Work instructions:
Write again exactly the lines in the listing below, starting at the line with "Serve the pancakes" and ending at the line with "Тепловая мощность печи", both included. Pictures are not copied.
-------
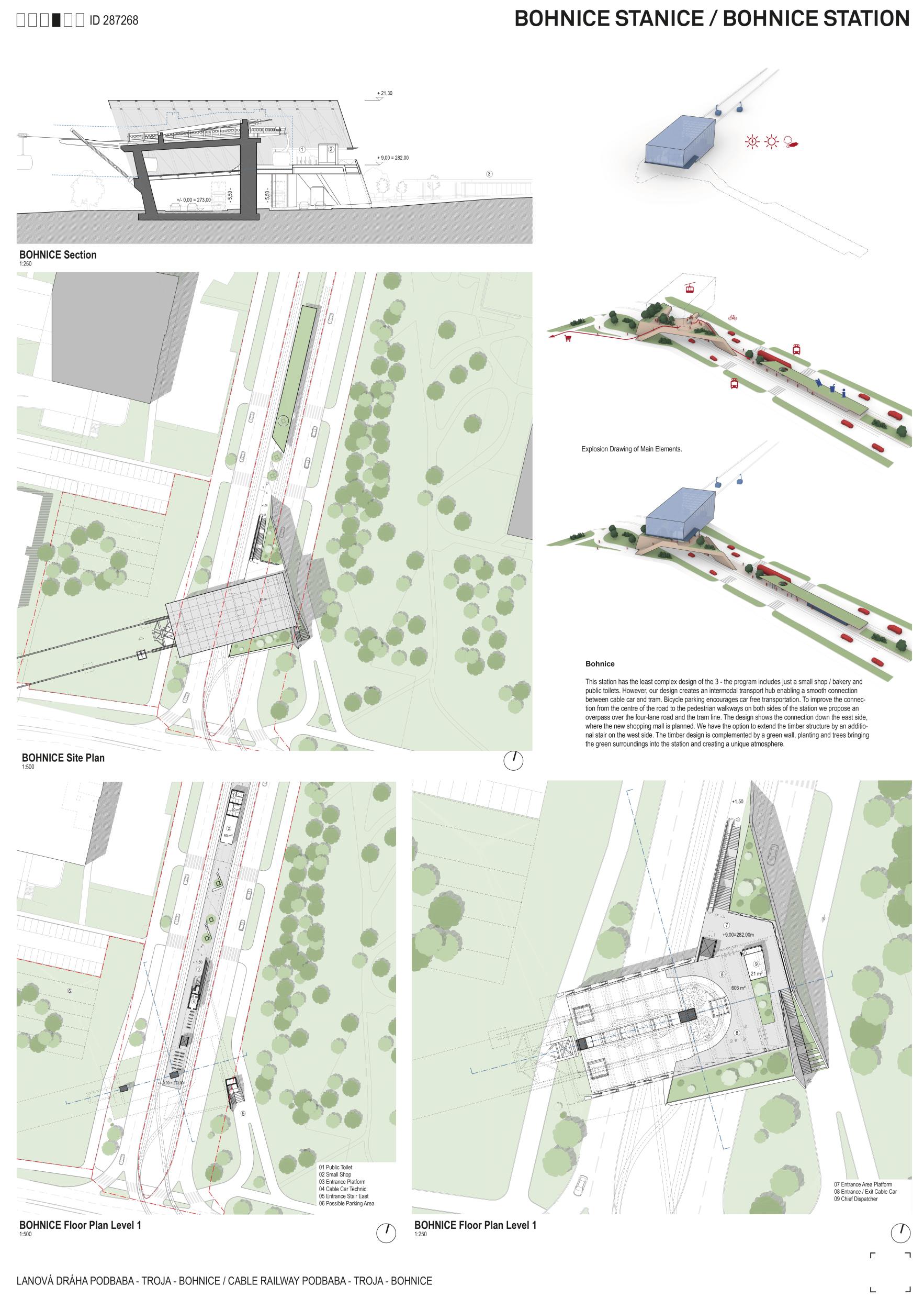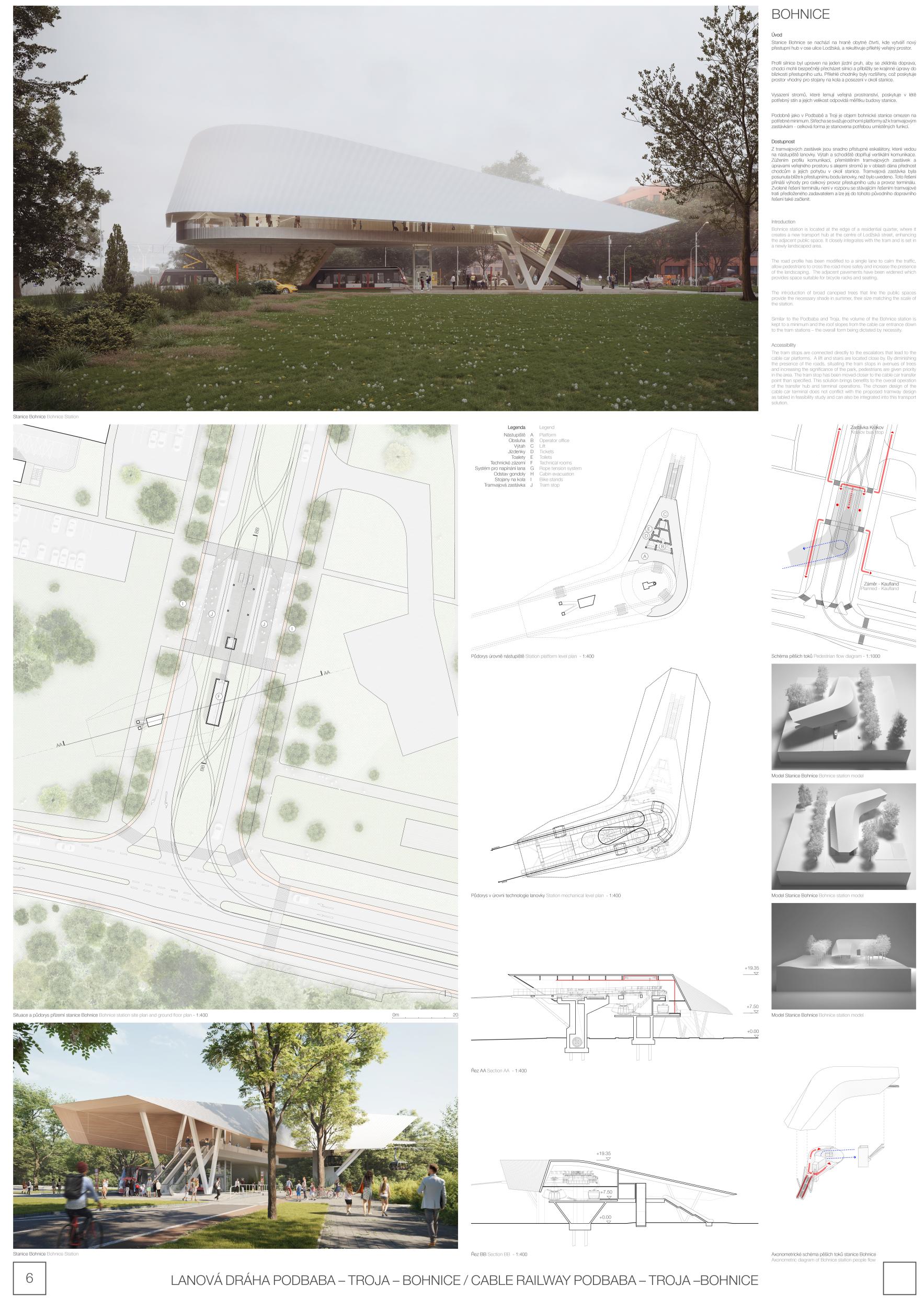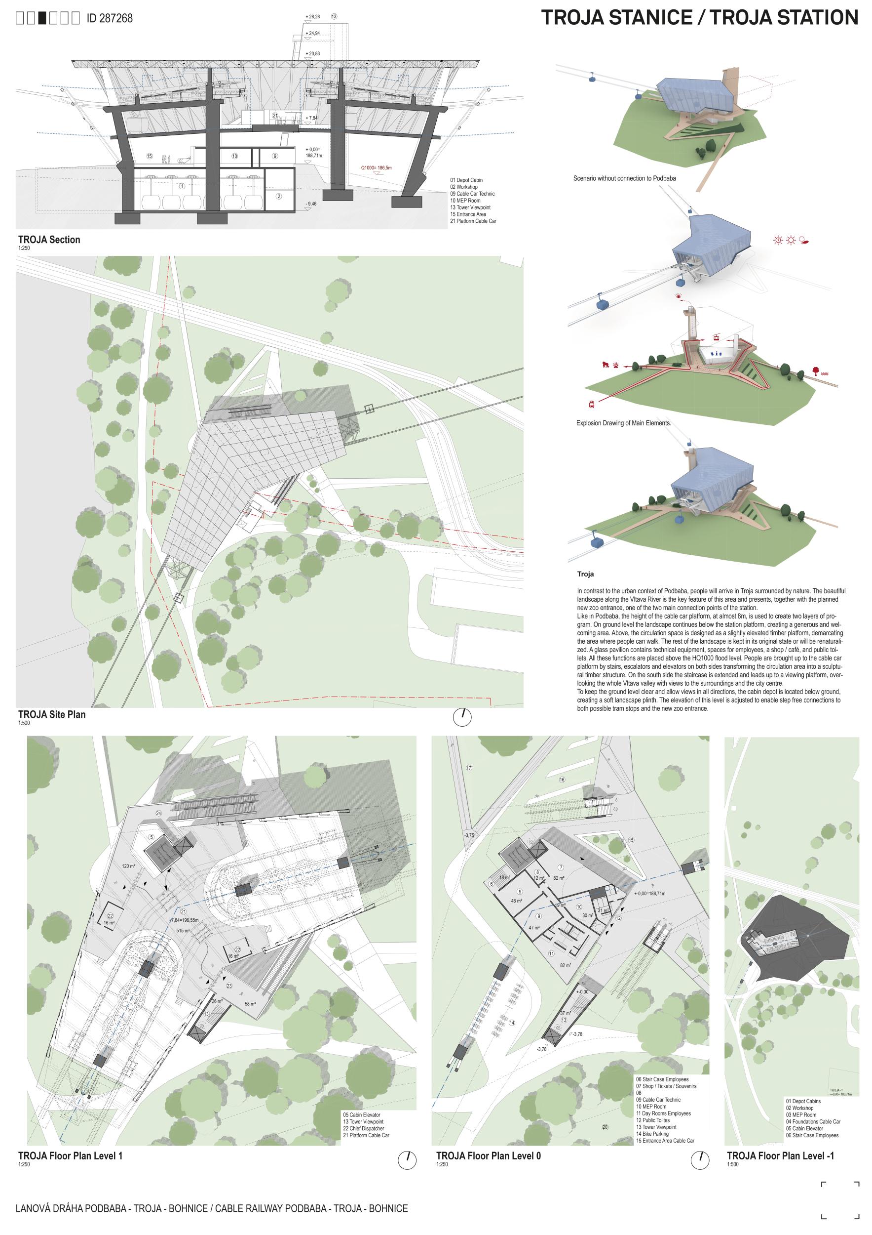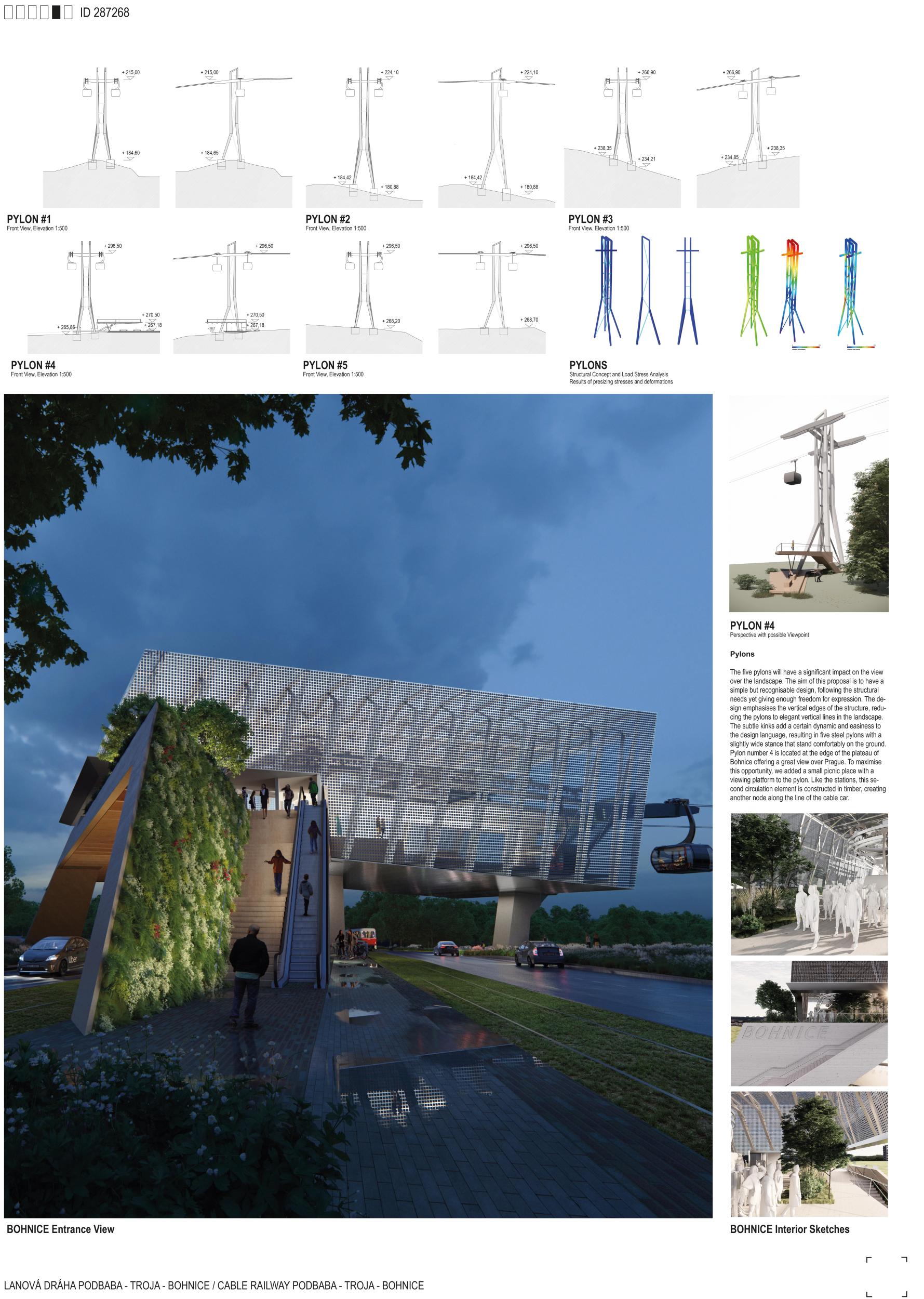 Lanová dráha propojuje pražské čtvrti Dejvice, Troju a Bohnice, překlenuje Vltavu a prochází jedním z nejvýznamnějších přírodních prvků Prahy - Trojskou kotlinou. Návrh jemně vstupuje do tohoto fascinujícího prostředí kompaktně navrženými stanicemi, jejichž střechy se průběžně proměňují a reagují na svoje bezprostřední okolí, a také návrhem jednoduchých pylonů, které v rámci jedné formy elegantně integrují veškerou potřebnou technickou infrastrukturu. Nová pražská lanová dráha je vysoce udržitelným, rychlým, efektivním ale i příjemným propojením městských čtvrtí, které Praha tak nutně potřebuje.
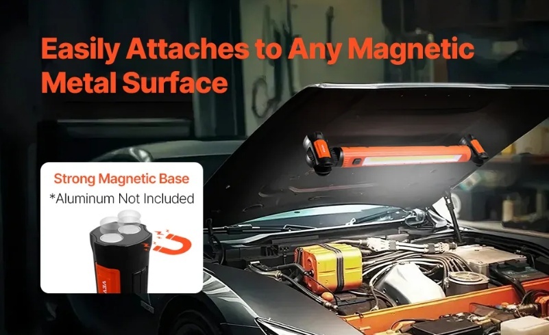 Bezvadu lietošanas ērtības: Šai mehāniskajai gaismas joslai ir spēcīga magnētiska pamatne, kas ļauj to piestiprināt pie pārsegiem vai magnētiskām metāla virsmām (izņemot alumīniju). Lai ērti izmantotu brīvroku režīmu, gaismu var arī pakārt pie āķiem, virvēm vai ķēdēm virs darba vietas. Daudzleņķu rotācija: Darba apgaismojumam zem motora pārsega ir 180° rotējoša pamatne un 360° rotējošs korpuss, kas ļauj viegli pielāgot gaismas leņķi pēc nepieciešamības. Nav nepieciešama bieža pārvietošana, tāpēc to ir viegli apgaismot tādās vietās kā zem automašīnas vai motora nodalījumā.
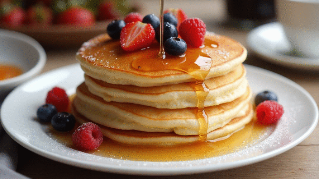 Serve the pancakes warm with your favorite toppings—whether it’s butter, maple syrup, fresh berries, whipped cream, or a dusting of powdered sugar.
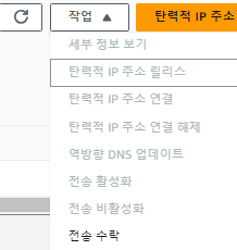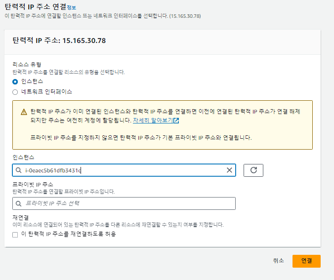 이전에 퍼블링 ip 자동 할당을 했기 때문에 현제 ip 가 할당되어 있지만, EC2를 재시작 할 경우, ip 주소가 바뀌게 된다. EC2가 꺼지더라도 바뀌지 않도록 하는것이 탄력적 IP 이다.
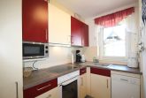 Die angrenzende Küche mit Spülmaschine, Herd mit Backofen und Cerankochfeld, Kühlschrank mit Gefrierfach und allen üblichen Geräten.
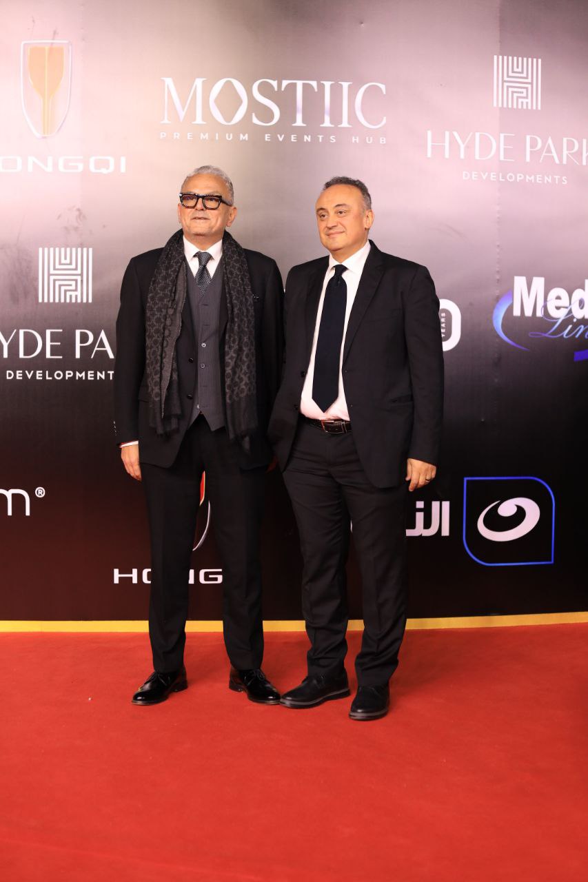 وخطف علاء الكحكي الأنظار على السجادة الحمراء للمهرجان هو وأسرته وشقيقه، استعدادًا لتسليم جوائز “الأفضل” لعدد من الفنانين.
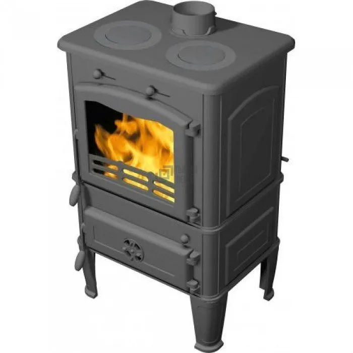 Тепловая мощность печи равна 12 кВТ, а КПД доходит до 75%. Печь DACHA имеет фронтальную загрузку дров, максимальная длина полена – 350мм. Печь способна обогреть помещение объемом до 240 куб.м. На верхней панели печи находится прочистная крышка. Топочная дверца оборудована стекло, размеры стекла: 324х270х4 мм.
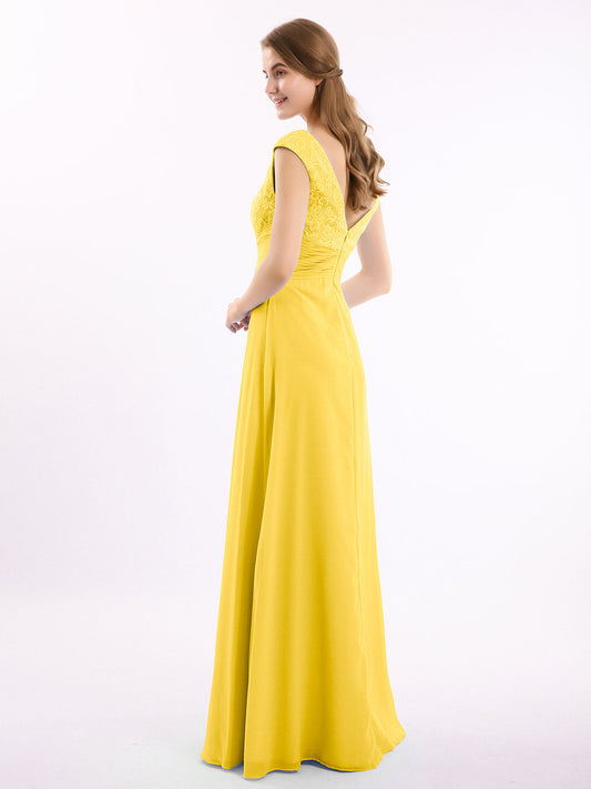 Babaroni ClaudiaVestido de chiffon y encaje con mangas cap y escote en V Caléndula Tallas Grandes
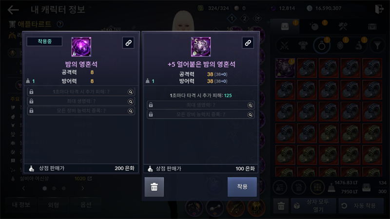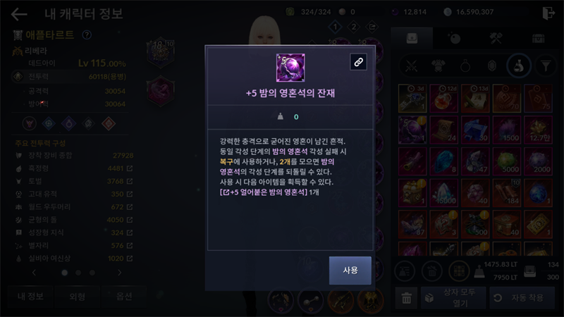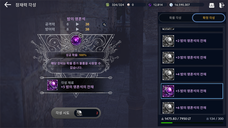 강화는 흑정령-잠재력 각성에서 이루어지는데요. 강화를 하기 위해서는 조각난 밤의 영혼석(달의 영혼석)이라는 재료 아이템이 필요합니다.
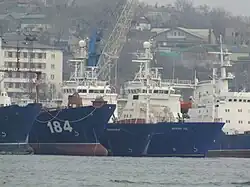 - Модель транспорта «Маньчжур» венчает ростральную колонну при въезде во Владивосток;
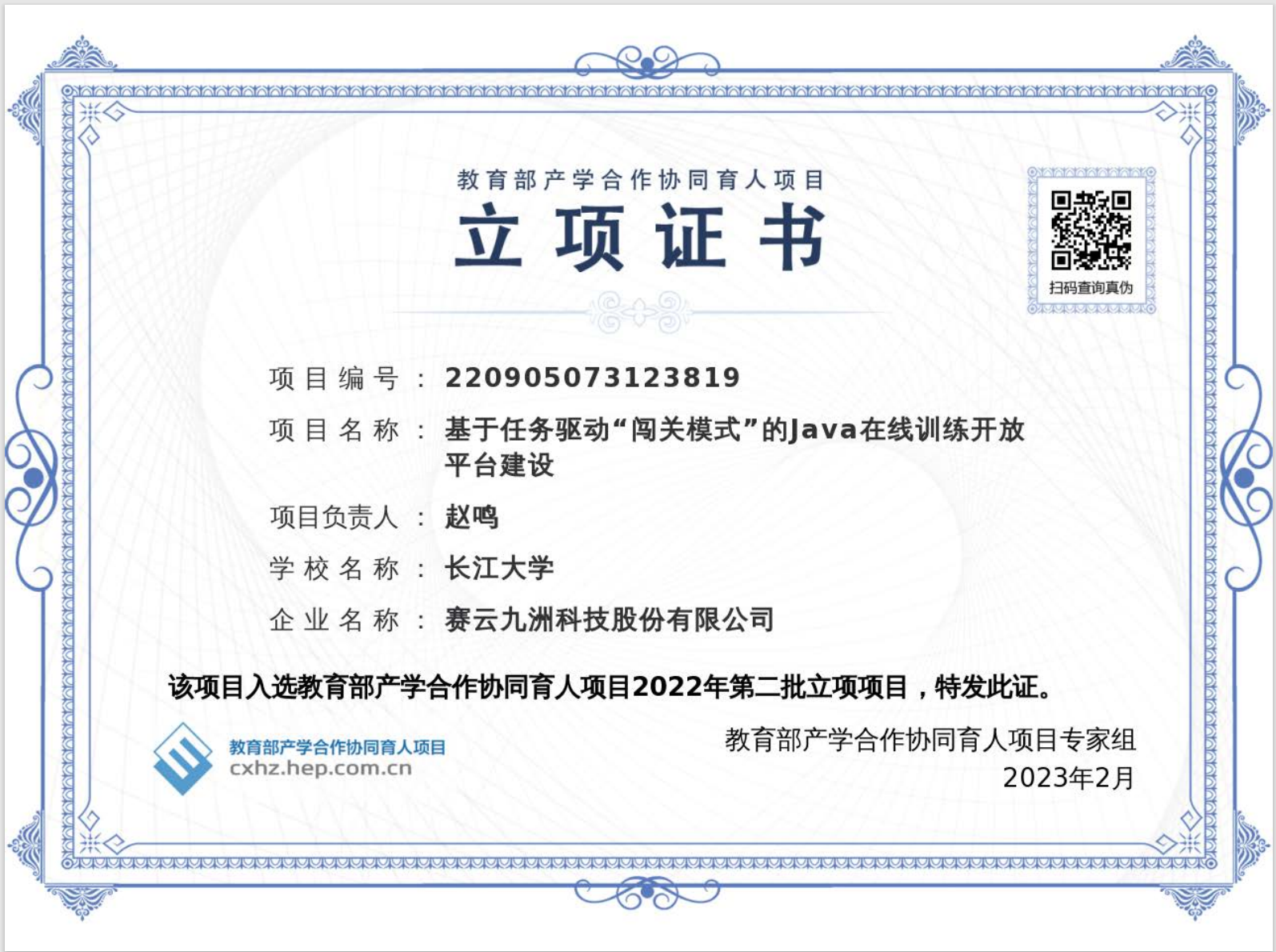 赵鸣老师的《基于任务驱动“闯关模式“的Java在线训练开放平台建设》入选教育部产学合作协同育人2022年第二批立项项目。
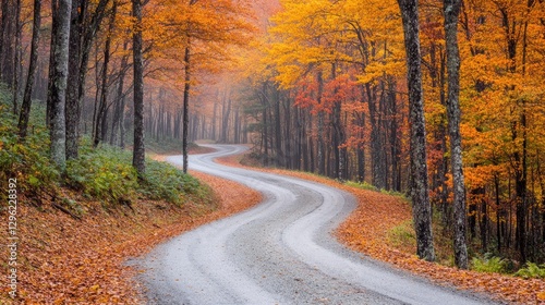 © Matcha_09, Fototapeta premium A hidden forest road with fog rolling in over the treetops, softening the background.
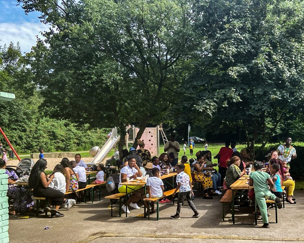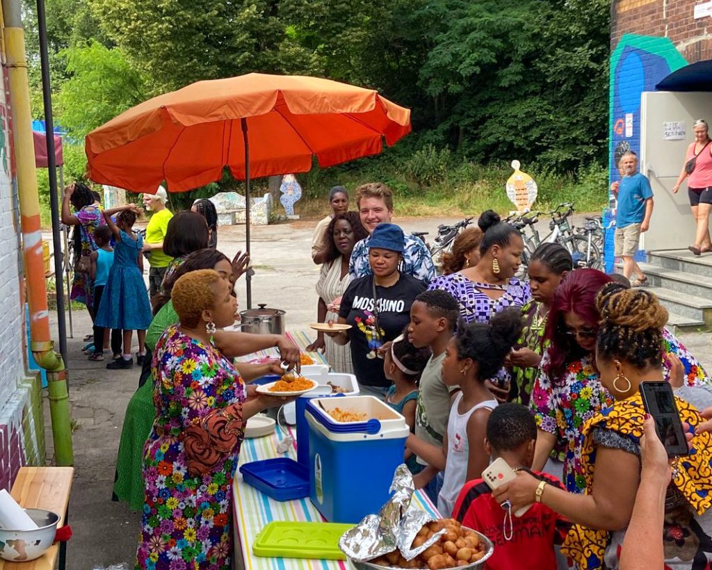 Unsere afrikanische Frauengruppe hat für das Fest köstliches afrikanisches Essen zubereitet. Es gab Musik, Tanz und Spiele. Gemeinsam haben wir gefeiert und Neues kennengelernt. Falls ihr dieses schöne Fest verpasst habt, gibt es vielleicht im nächsten Jahr eine neue Chance.
-------
Result of the exercise:
 Serve the pancakes warm with your favorite toppings—whether it’s butter, maple syrup, fresh berries, whipped cream, or a dusting of powdered sugar.
 이전에 퍼블링 ip 자동 할당을 했기 때문에 현제 ip 가 할당되어 있지만, EC2를 재시작 할 경우, ip 주소가 바뀌게 된다. EC2가 꺼지더라도 바뀌지 않도록 하는것이 탄력적 IP 이다.
 Die angrenzende Küche mit Spülmaschine, Herd mit Backofen und Cerankochfeld, Kühlschrank mit Gefrierfach und allen üblichen Geräten.
 وخطف علاء الكحكي الأنظار على السجادة الحمراء للمهرجان هو وأسرته وشقيقه، استعدادًا لتسليم جوائز “الأفضل” لعدد من الفنانين.
 Тепловая мощность печи равна 12 кВТ, а КПД доходит до 75%. Печь DACHA имеет фронтальную загрузку дров, максимальная длина полена – 350мм. Печь способна обогреть помещение объемом до 240 куб.м. На верхней панели печи находится прочистная крышка. Топочная дверца оборудована стекло, размеры стекла: 324х270х4 мм.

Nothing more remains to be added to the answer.